Wednesday, April 12, 2006

Divide and Conquer


The reaction to Siva Vaidhyanathan's alarm-ringing about Google Book Search has grown particularly acrimonious in recent weeks. In Sivacracy.net, Vaidhyanathan has reprinted some of the juicier diatribes by Google advocates in the library community, including Walt Crawford's comparison of the politically progressive media scholar and cyber-activist to right-wing environmental figurehead Gale Norton. (See above.)

Does this mean that Vaidhyanathan's plan for creating an academic discipline around what he has called "Critical Information Studies" (or "CIS") in a recent manifesto is unraveling? This intellectual enterprise will certainly require an ambitious programme of collaboration, as Vaidhyanathan envisions it.

CIS captures the variety of approaches and bodies of knowledge needed to make sense of important phenomena such as copyright policy, electronic voting, encryption, the state of libraries, the preservation of ancient cultural traditions, and markets for cultural production. It necessarily stretches to a wide array of scholarly subjects, employs multiple complementary methodologies, and influences conversations far beyond the gates of the university. Economists, sociologists, linguists, anthropologists, ethnomusicologists, communication scholars, lawyers, computer scientists, philosophers, and librarians have all contributed to this field, and thus it can serve as a model for how engaged, relevant scholarship might be carried out.

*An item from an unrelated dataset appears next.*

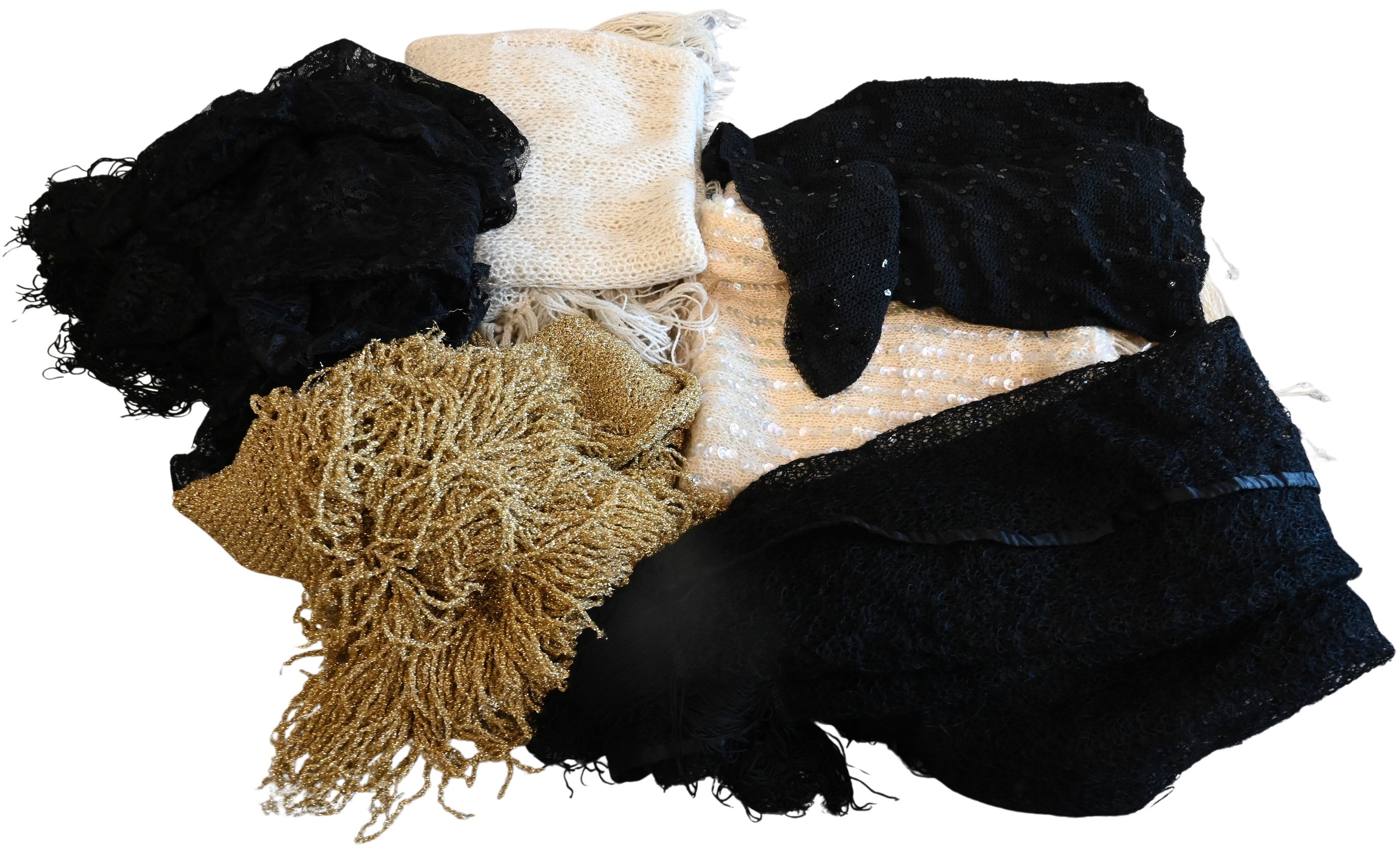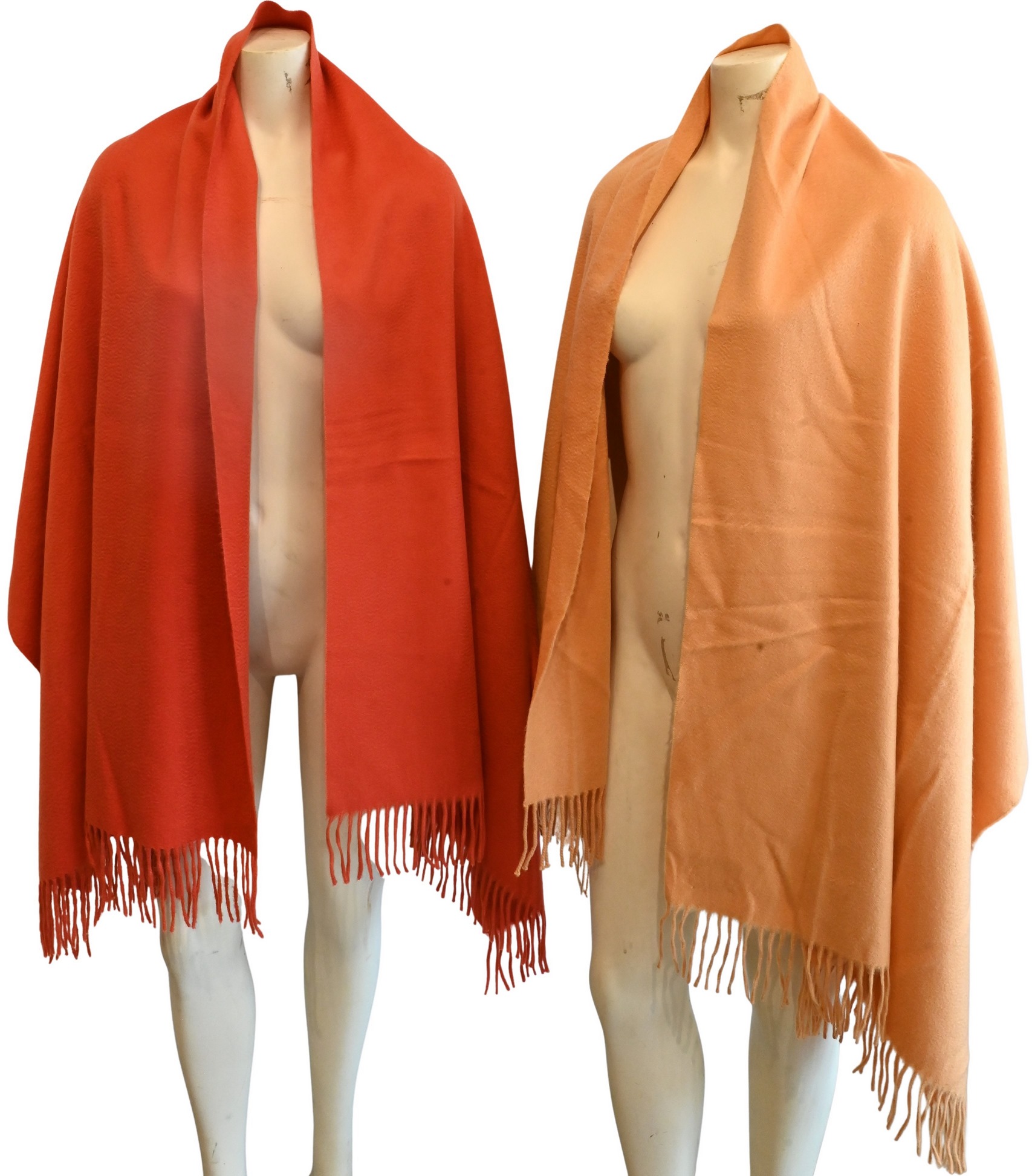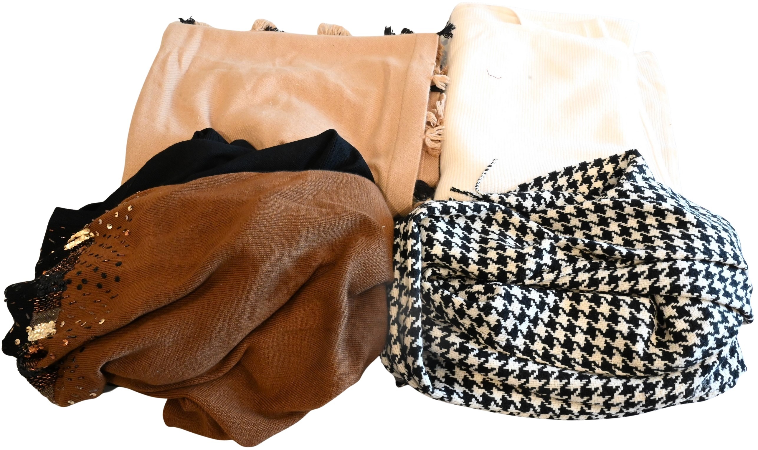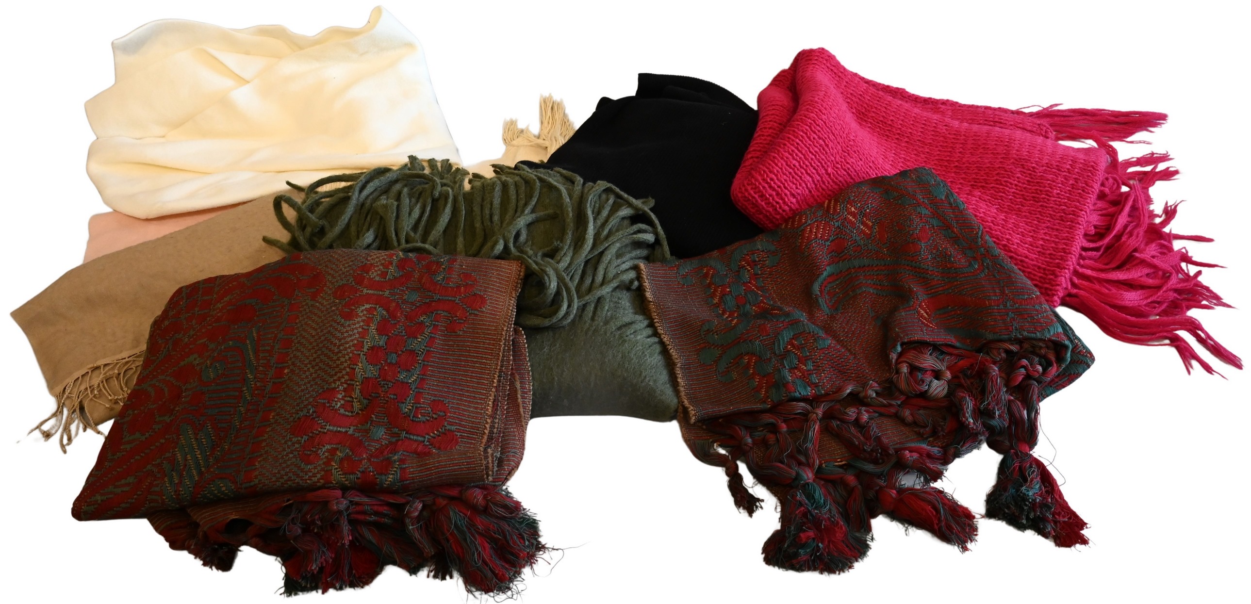 to include three scarves in yellow, pink, and brown, Anthropologie shawl in green, black shawl, pink shawl, white cape having hood, and two blankets in red and green

It's obvious that corporate interests shouldn't be enabled in perpetuating academic factions, but it's less obvious how cross-professional communities can be maintained. Of course, librarians are a critical part of the field that is being outlined. Some might gripe that Vaidhyanathan puts them last on his list, but his work on copywrongs and public culture places him solidly on the side of the action agenda of the ALA. And I'm assuming that "rhetoricians" belong with "communication scholars," so I don't plan on being piqued about any perceived oversight on his part.

These fractures aren't surprising. My distant cousin Clark Kerr once said the university really was a "multiversity" with many competing stakeholders. Certainly, the traditional divide between teaching and research is still policed, and further schisms are generated by the interventions of graduate students, undergraduates, administrators, alumni, community activists, elected officials, life-long learners, consultants from the private sector, and -- of course -- librarians.

James Elmborg has argued that librarians and compositionists are natural allies, because library instruction and writing instruction face similar obstacles to finding an appropriate place in the university curriculum. Both programs are often seen as either offering remediation (teaching skills that students should know but do not) or inoculation (teaching students something once, so they will learn and know it always) or both, rather than as teaching a stand-alone curriculum that also has the potential to enrich and enhance student learning outcomes.

I suppose Elmborg's thesis could be recast as a nice way of saying that compositionists and librarians are both part of the permanent academic underclass of elite institutions. In other words, there is a caste system in which "knowledge workers" are superior to "information workers," as John Seely Brown says in The Social Life of Information. Or, to use Mary Douglas's categories of analysis from Purity and Danger, these professionals are polluted by duties that bring them in contact with different forms of undergraduate illiteracy, so that their expertise makes them into untouchables.

These divisions are further exacerbated when new technologies and media are introduced. According to a CCC study, deans and department chairs from humanities departments find work with digital media to be of questionable value for tenure and promotion in the academy. Those who participate in this real labor in virtual environments are confused with "tech people" or disposable "support staff."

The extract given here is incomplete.